Two WPF Reports Cited in White House Big Data Report; WPF supportive of report findings
Two key recent reports published by the World Privacy Forum, The Scoring of America and Data Brokers and the Federal Government, were cited in the White House’s new report on Big Data.
Of note, the White House report agreed with WPF’s position strongly taken in the Data Brokers and the Federal Government report (October, 2013) that new privacy guidance issued in 2013 from OMB for a Do Not Pay program run by the US government set a meaningful example that could and should be replicated in programs across the US Federal government. The OMB guidance rightly recognized that commercial data sources may present new or increased privacy risks, such as databases with inaccurate or out-of-date information, and addressed some of those risks.
The White House report stated:
Given the increasing range of sensitive information available about individuals through commercial sources, this guidance is a significant step to ensure privacy protections when private-sector data is used to inform government decision-making. Similar OMB guidance should be considered for a wider range of agencies and programs, so the protections Americans have come to expect from their government exist regardless of where data originates.
While this may be very technical, it is of crucial importance to implement going forward, and the White House report rightly recognizes its importance.
Also of note, the White House report agreed with WPF’s extensive 90-page research study in the Scoring of America showing that predictive analytics that result in consumer scoring can introduce substantive privacy issues that impact the lives of individuals. The WPF Scoring report noted, among other things, that the Fair Credit Reporting Act is not sufficient to resolve the problems that are introduced, a position which the White House report echoed.
The White House report echoed closely WPF’s Scoring of America research and findings, stating:
Fueled by greater access to data and powerful analytics, there are now a host of products that “score” individuals beyond the scope of traditional credit scores, which are regulated by law. These products attempt to statistically characterize everything from a consumer’s ability to pay to whether, on the basis of their social media posts, they are a “social influencer” or “socially influenced.”
While these scores may be generated for marketing purposes, they can also in practice be used similarly to regulated credit scores in ways that influence an individuals’ opportunities to find housing, forecast their job security, or estimate their health, outside of the protections of the Fair Credit Reporting Act or Equal Credit Opportunity Act. Details on what types of data are included in these scores and the algorithms used for assigning attributes to an individual are held closely by companies and largely invisible to consumers. That means there is often no meaningful avenue for either identifying harms or holding any entity in the decision-making chain accountable.
WPF also submitted separate written comments to the White House panel discussing the importance of addressing the needs of vulnerable populations as well as addressing technical issues such as accuracy and overfitting in analytical models.

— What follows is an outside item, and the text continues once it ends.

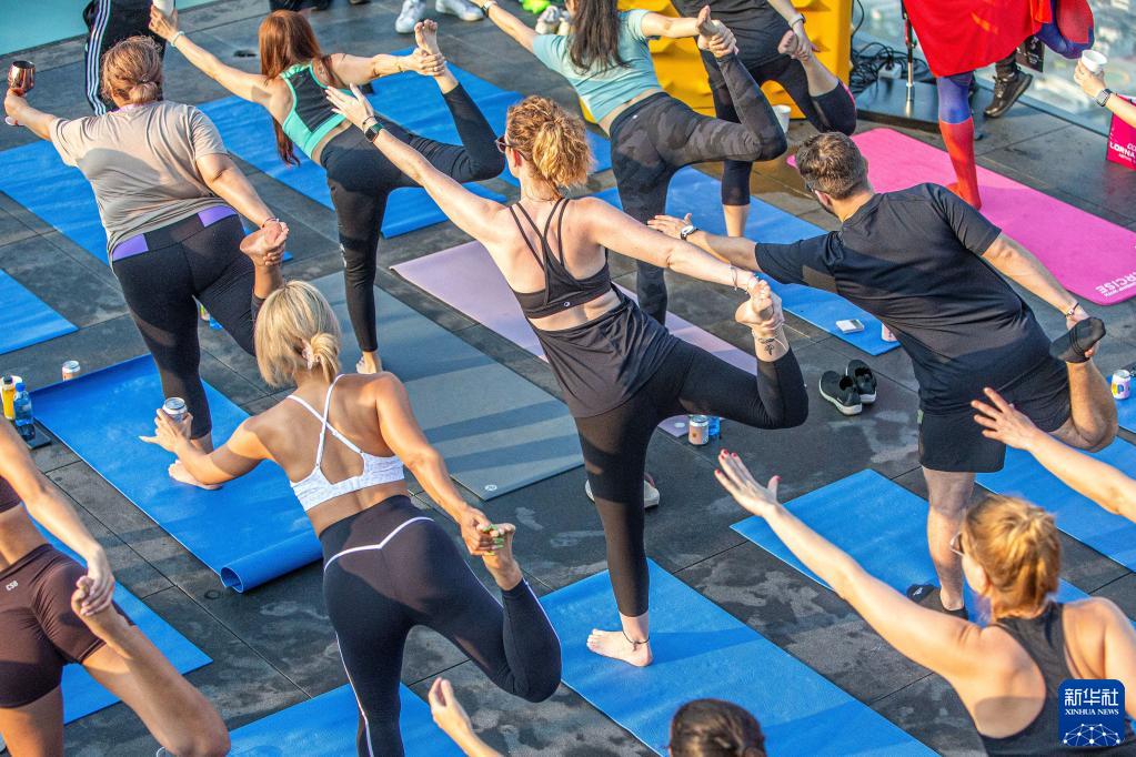 當日,數十名瑜伽愛好者在曼谷王權云頂大廈頂層觀景平臺體驗高空瑜伽。

“We are pleased that the White House report has correctly recognized critically important issues that impact individuals’ privacy in the area of big data. We commend the report for clearly recognizing that information originally intended for marketing purposes can also be used to impact individuals’ marketplace opportunities in substantive ways that impact peoples’ daily lives, and that creating meaningful protections is important,” said WPF executive director Pam Dixon.